─── Data to examine

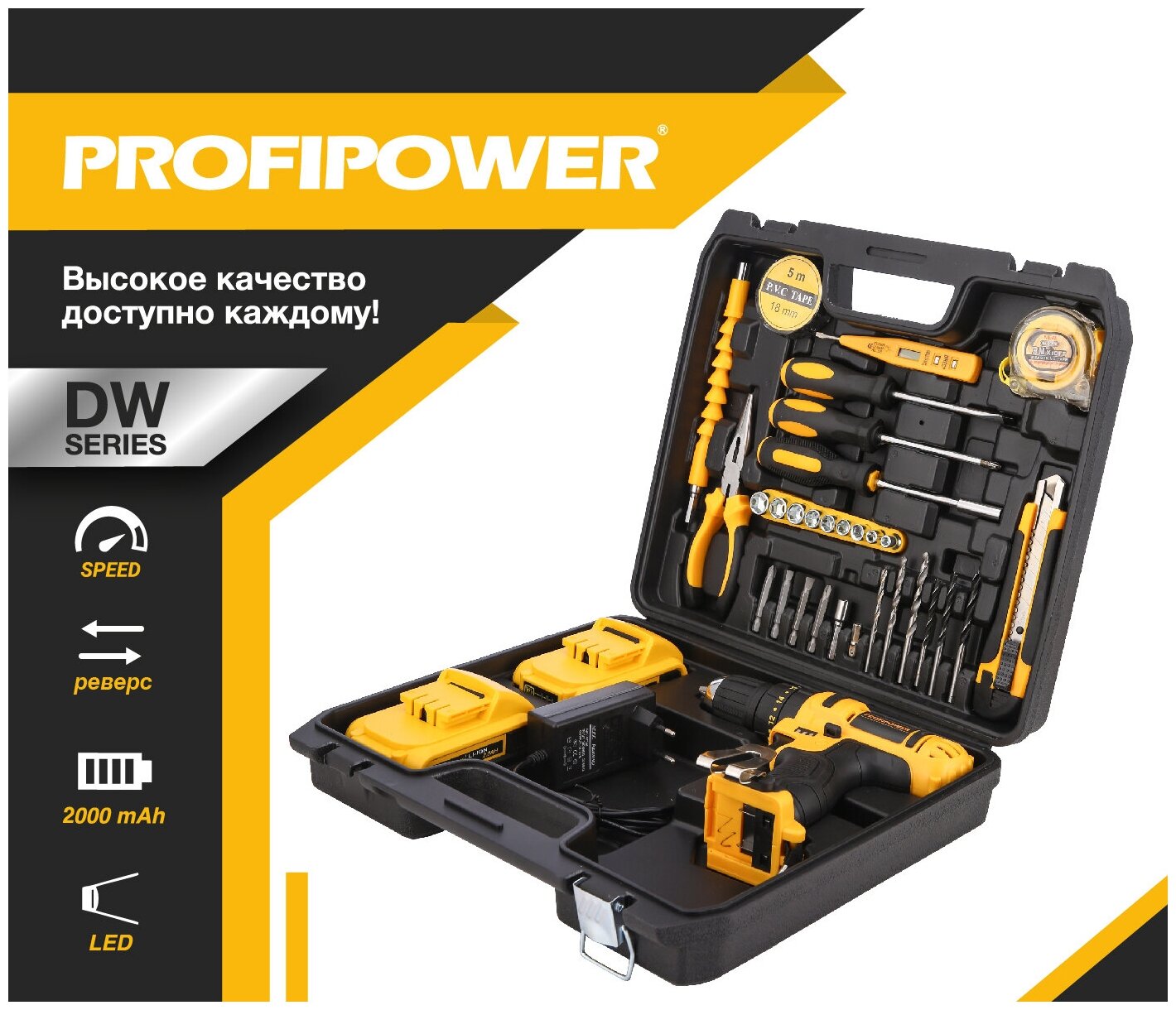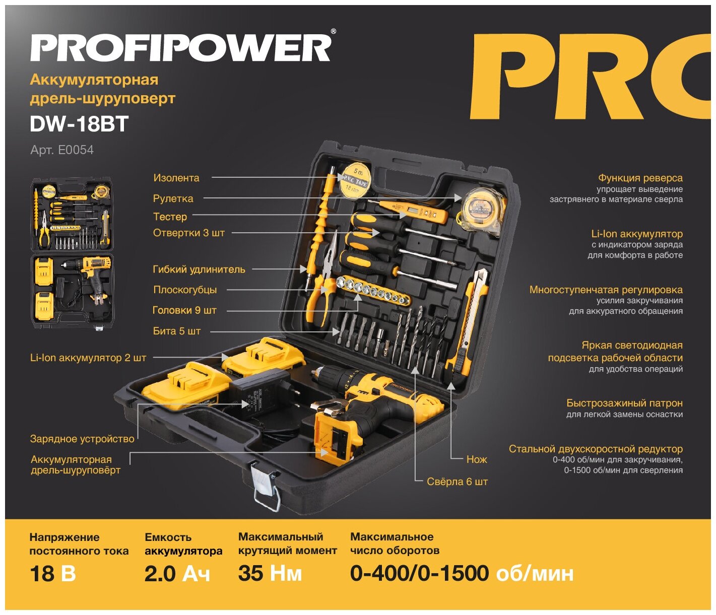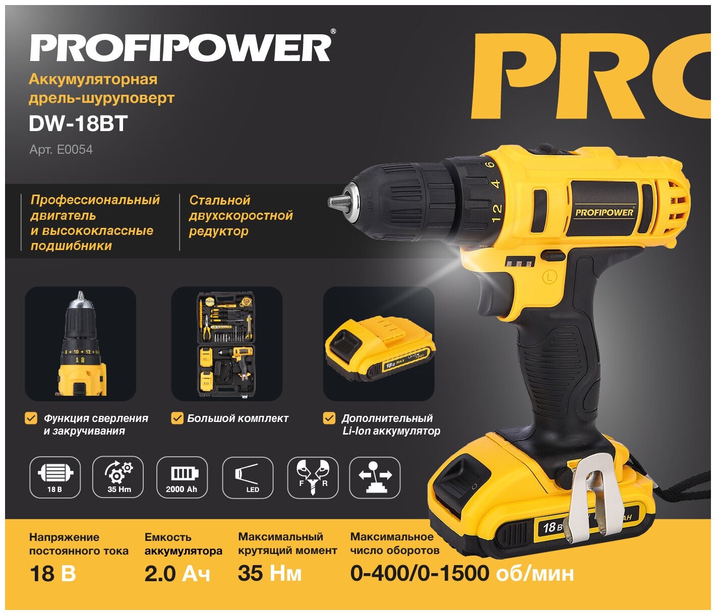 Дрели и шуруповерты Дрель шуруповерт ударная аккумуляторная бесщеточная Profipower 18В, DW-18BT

──────
─── Data to examine

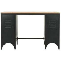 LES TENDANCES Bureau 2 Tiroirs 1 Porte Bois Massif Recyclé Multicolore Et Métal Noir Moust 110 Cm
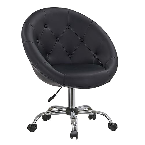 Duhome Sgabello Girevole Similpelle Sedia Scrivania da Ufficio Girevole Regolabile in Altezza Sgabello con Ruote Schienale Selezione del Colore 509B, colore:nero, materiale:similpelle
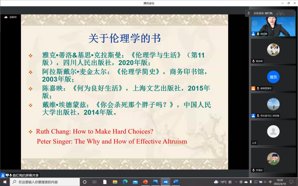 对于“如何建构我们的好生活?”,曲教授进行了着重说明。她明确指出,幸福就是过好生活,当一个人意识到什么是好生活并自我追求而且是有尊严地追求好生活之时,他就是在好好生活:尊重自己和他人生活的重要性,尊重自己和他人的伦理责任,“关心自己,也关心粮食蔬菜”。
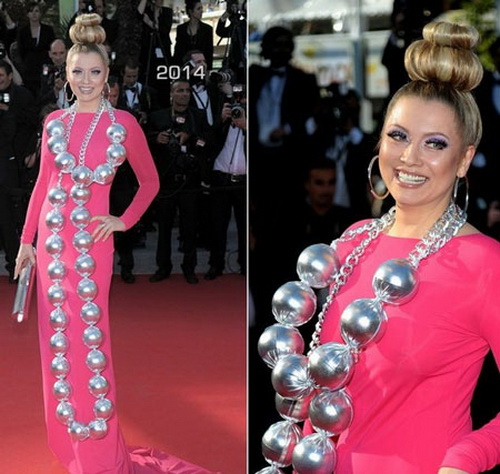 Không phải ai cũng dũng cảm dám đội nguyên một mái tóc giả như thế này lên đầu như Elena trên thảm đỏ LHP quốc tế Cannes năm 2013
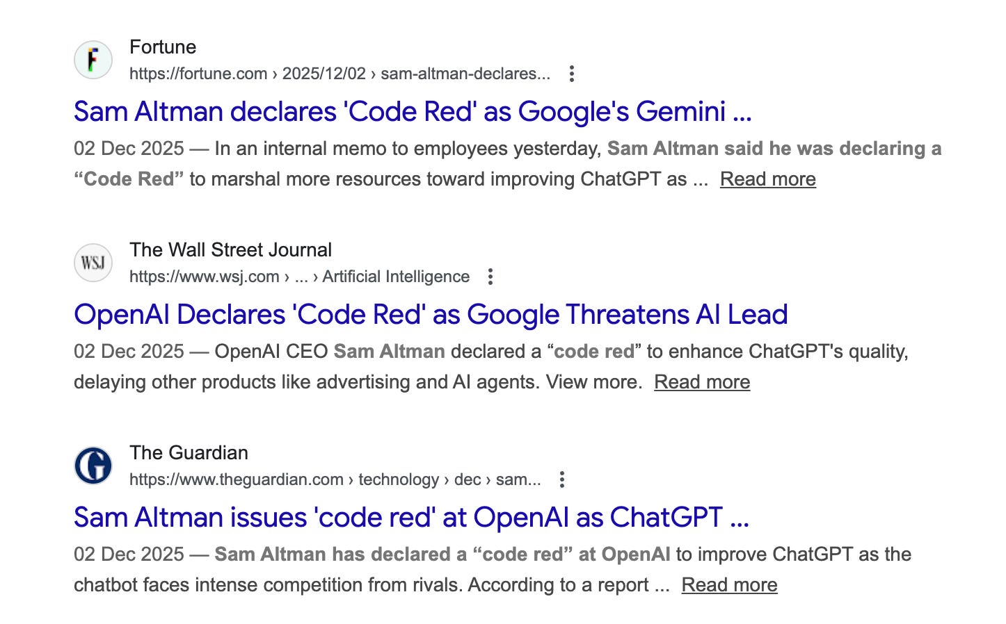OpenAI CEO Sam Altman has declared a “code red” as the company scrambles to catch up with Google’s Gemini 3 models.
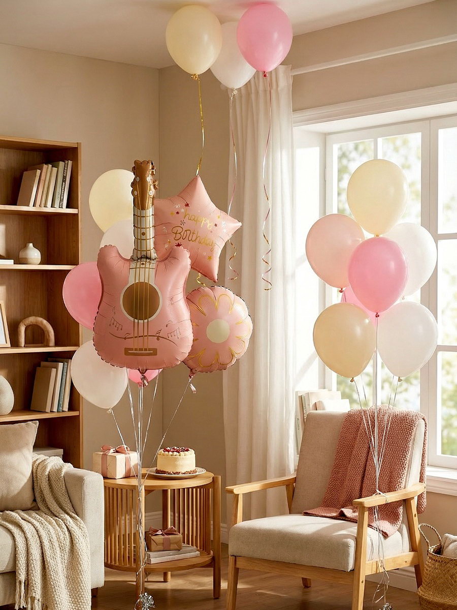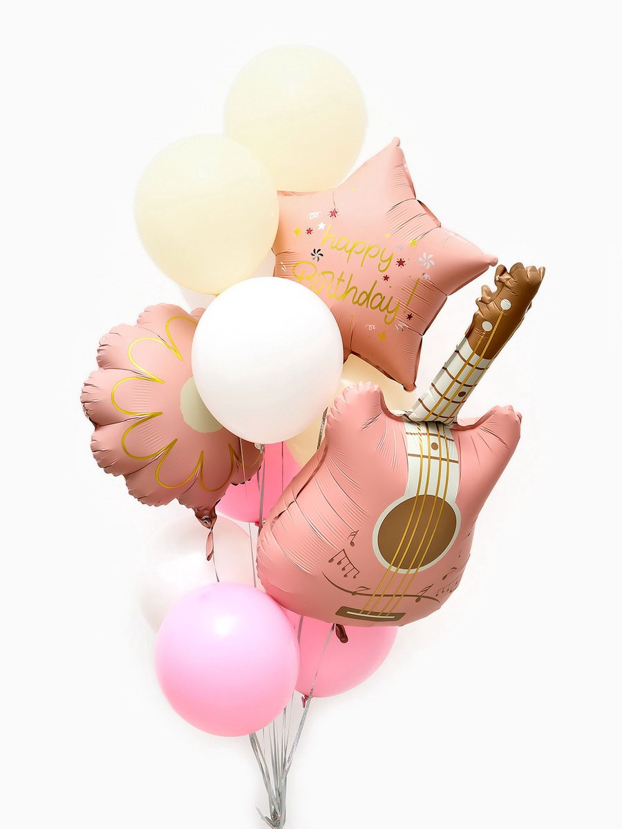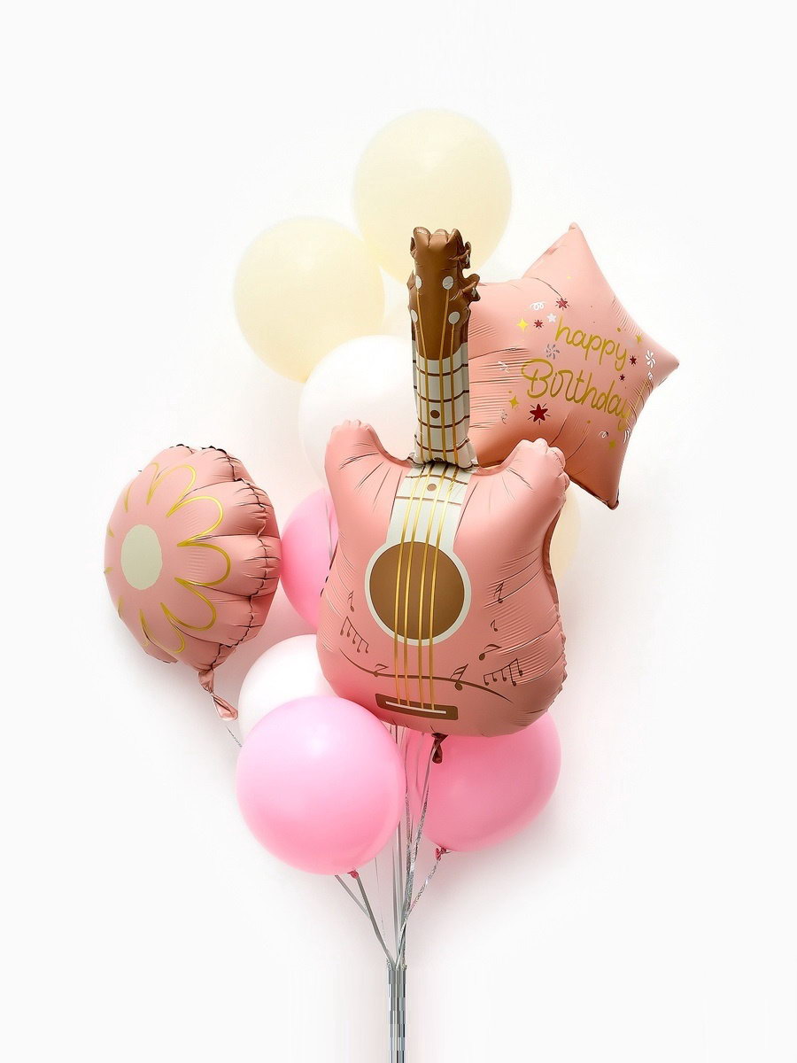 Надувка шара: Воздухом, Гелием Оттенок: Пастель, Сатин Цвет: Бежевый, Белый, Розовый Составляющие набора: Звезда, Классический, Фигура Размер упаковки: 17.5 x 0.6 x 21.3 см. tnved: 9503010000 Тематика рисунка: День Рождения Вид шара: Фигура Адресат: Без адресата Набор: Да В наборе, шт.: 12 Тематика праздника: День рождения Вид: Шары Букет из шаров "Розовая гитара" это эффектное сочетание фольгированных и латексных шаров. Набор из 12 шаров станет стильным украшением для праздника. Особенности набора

──────

__Problem to solve__
To complete this exercise, transcribe exactly the lines above from the one that holds "LES TENDANCES Bureau" through the one that holds "OpenAI CEO Sam". Pictures stay out.

__Response to the exercise__
 LES TENDANCES Bureau 2 Tiroirs 1 Porte Bois Massif Recyclé Multicolore Et Métal Noir Moust 110 Cm
 Duhome Sgabello Girevole Similpelle Sedia Scrivania da Ufficio Girevole Regolabile in Altezza Sgabello con Ruote Schienale Selezione del Colore 509B, colore:nero, materiale:similpelle
 对于“如何建构我们的好生活?”,曲教授进行了着重说明。她明确指出,幸福就是过好生活,当一个人意识到什么是好生活并自我追求而且是有尊严地追求好生活之时,他就是在好好生活:尊重自己和他人生活的重要性,尊重自己和他人的伦理责任,“关心自己,也关心粮食蔬菜”。
 Không phải ai cũng dũng cảm dám đội nguyên một mái tóc giả như thế này lên đầu như Elena trên thảm đỏ LHP quốc tế Cannes năm 2013
OpenAI CEO Sam Altman has declared a “code red” as the company scrambles to catch up with Google’s Gemini 3 models.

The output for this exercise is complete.